# 1. What kind of data does pandas handle?

In [1]:
import pandas as pd

*I want to store passenger data of the Titanic. For a number of passengers, I know the name (characters), age (integers) and sex (male/female) data.*

In [2]:
df = pd.DataFrame(
    {
        "Name": [
            "Braund, Mr. Owen Harris",
            "Allen, Mr. William Henry",
            "Bonnell, Miss. Elizabeth",
        ],
        "Age": [22,35,58],
        "Sex": ["male","male","female"],
    }
)

df

Unnamed: 0,Name,Age,Sex
0,"Braund, Mr. Owen Harris",22,male
1,"Allen, Mr. William Henry",35,male
2,"Bonnell, Miss. Elizabeth",58,female


To manually store data in a table, create a `DataFrame`. When using a Python dictionary of lists, the dictionary keys will be used as column headers and the values in each list as columns of the `DataFrame`.

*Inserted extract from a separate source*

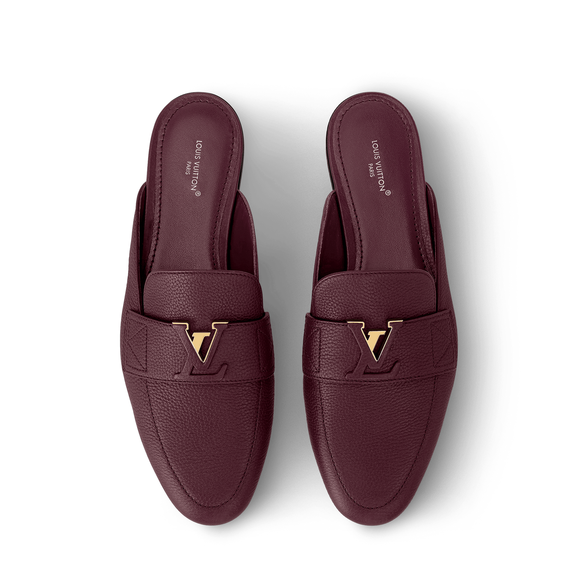 With its easy, slip-on fitting, the LV Mare open-back loafer brings a fashionable twist to a timeless style. It is crafted from supple, grained calf leather and signed with a partially leather-covered LV Initials accessory, inspired by the emblematic Capucines bag. A fine leather outsole completes this refined design.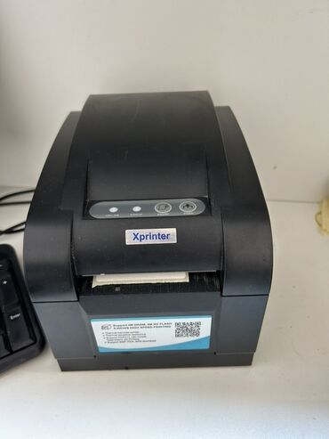 - Termal printer 1: Xprinter etiket/çek çap cihazı. Qurğu üzərində “Support 4M DRAM, 4M NV FLASH / 150 mm/s high-speed printing” qeyd olunub. Thermal transfer/thermal direct dəstəyi, USB qoşulma üçün etiket var.

A `DataFrame` is a 2-dimensional data structure that can store data of different types (including characters, integers, floating point values, categorical data and more) in columns.

The table has 3 columns, each of them with a column label. The column labels are respectively `Name`, `Age` and `Sex`.

Each column in a `DataFrame` is a `Series`.

*I’m just interested in working with the data in the column `Age`.*

In [3]:
df["Age"]

0    22
1    35
2    58
Name: Age, dtype: int64

When selecting a single column of a pandas `DataFrame`, the result is a pandas `Series`. 

You can create a `Series` from scratch as well:

In [4]:
ages = pd.Series([22,35,58], name="Age")
ages

0    22
1    35
2    58
Name: Age, dtype: int64

A pandas `Series` has no column labels, as it is just a single column of a `DataFrame`. A Series does have row labels.

*I want to know the maximum Age of the passengers.*

In [5]:
df["Age"].max()

58

In [6]:
# Or, the series
ages.max()

58

*I’m interested in some basic statistics of the numerical data of my data table.*

In [7]:
df.describe()

Unnamed: 0,Age
count,3.0
mean,38.333333
std,18.230012
min,22.0
25%,28.5
50%,35.0
75%,46.5
max,58.0


The `describe()` method provides a quick overview of the numerical data in a `DataFrame`. As the `Name` and `Sex` columns are textual data, these are by default not taken into account by the `describe()` method.